Sejak berumur dua tahun, Fauzan mengikuti terapi okupasi di Rumah Sakit Hasan
Sadikin dan terapi totok saraf. Usaha itu berbuah hasil. Suara Fauzan mulai
terpancing keluar untuk belajar berbicara. Oleh karena itu, Fauzan tidak
memerlukan bahasa isyarat. Pada usia 6-7 tahun Fauzan mulai mengenal satu
kalimat. Hingga sekarang Fauzan mengalami perkembangan secara bertahap untuk
berkomunikasi.
Seiring berjalannya waktu, perasaan, tenaga, dan materi telah banyak terkuras.
Fisik pun terkadang dipertaruhkan langsung ketika Fauzan merasa marah. Bocah
lelaki ini akan menyerang ibunya dengan gigitan. Emosi Kak Mei pun menyeruak
sesekali. Namun sorot mata Fauzan yang mendalam selalu memancarkan pesan bahwa
ia butuh kasih sayang. Tidak banyak kata yang bisa diucapkan. Kak Mei memahami
betul dan hanya bisa bersabar akan hal ini.

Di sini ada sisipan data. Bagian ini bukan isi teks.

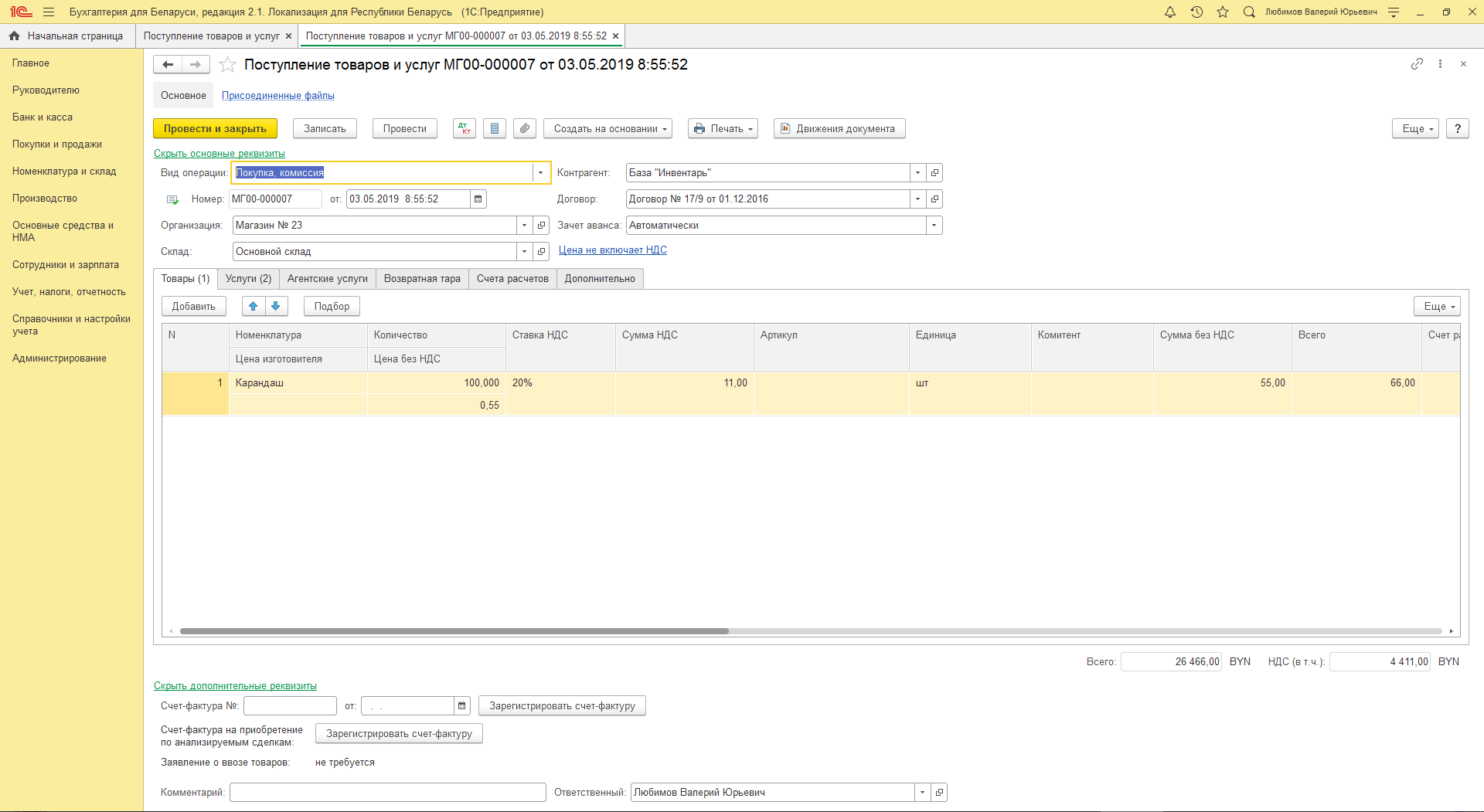 - учет торговых операций, в том числе в розничной и комиссионной торговле;

Seorang ibu yang kasihnya sepanjang masa merupakan orang yang memiliki kedekatan
khusus yang paling besar dengan anaknya. Apa yang dirasakan anaknya pasti
dirasakan juga oleh ibu. Hal itu berlaku pula pada Kak Mei. Dia bisa merasa
bahagia akan perkembangan Fauzan dan bisa merasa sedih juga ketika Fauzan
tertimpa suatu hal yang kurang
mengenakan. Seperti halnya perlakuan tetangga yang merasa terganggu dan kesal kepada Fauzan ketika
Fauzan berhasil lolos dari pengawasan ibunya untuk beberapa saat dan mengacak-acak
rumah tetangganya itu. Ada juga perlakuan teman-teman Fauzan yang tak jarang
mengolok-olok kondisi Fauzan. Sebagai ibu, hati Kak Mei tersayat. Begitu perih.

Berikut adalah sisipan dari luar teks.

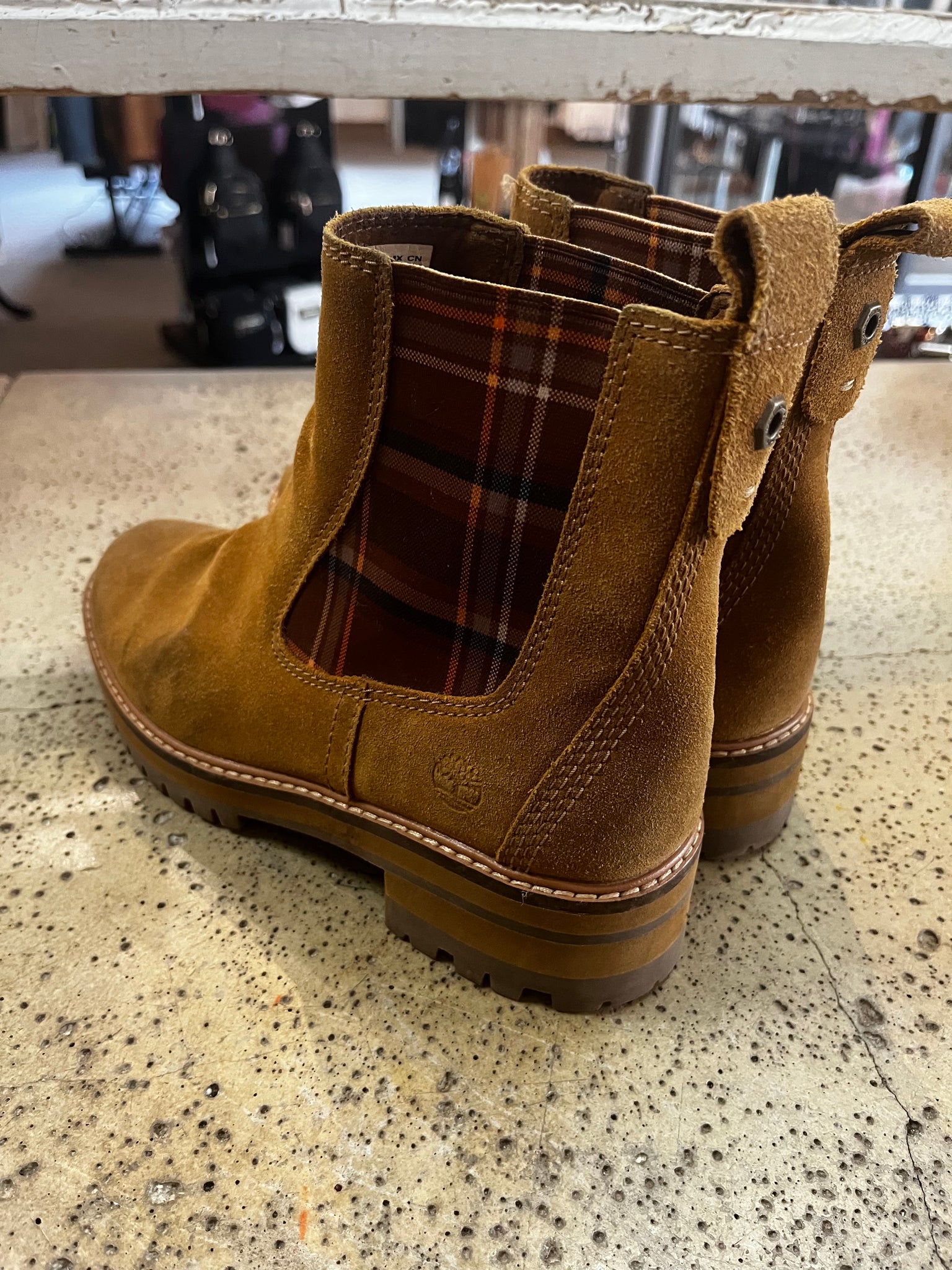 Step into cozy vibes with the Timberland Courmayeur boots! These brown suede slip-ons feature playful plaid stretchy elastic sides, making them easy to pop on and off while adding a fun twist to your outfit. Crafted with Timberland’s signature quality, they combine comfort and durability for adventures near and far. Perfect for size 7 feet ready to stroll in style with a touch of flair!

Tapi apa mau dikata, orang di luar sana terkadang tidak bisa menempatkan
posisinya dengan posisi Kak Mei.
Ibu Fauzan harus lebih peka berjuta kali lipat akan kondisi anaknya yang
tidak mudah dipahami. Seperti halnya ketika Fauzan yang menahan buang air kecil
jika berada di rumah orang lain. Entah apa penyebabnya, Fauzan enggan buang air
kecil selain di rumahnya sendiri. Apalagi ketika Kak Mei harus selalu menemani
Fauzan buang air kecil hingga kelas 5 SD.
Selain itu, pengawasan ekstra sangat dibutuhkan. Sempat Kak Mei lengah. Ketika
memasak di dapur, ternyata Fauzan sudah hilang. Fauzan mengikuti seseorang yang
pergi ke kebun dan dia tersesat. Belum lagi pengawasan akan makanan Fauzan.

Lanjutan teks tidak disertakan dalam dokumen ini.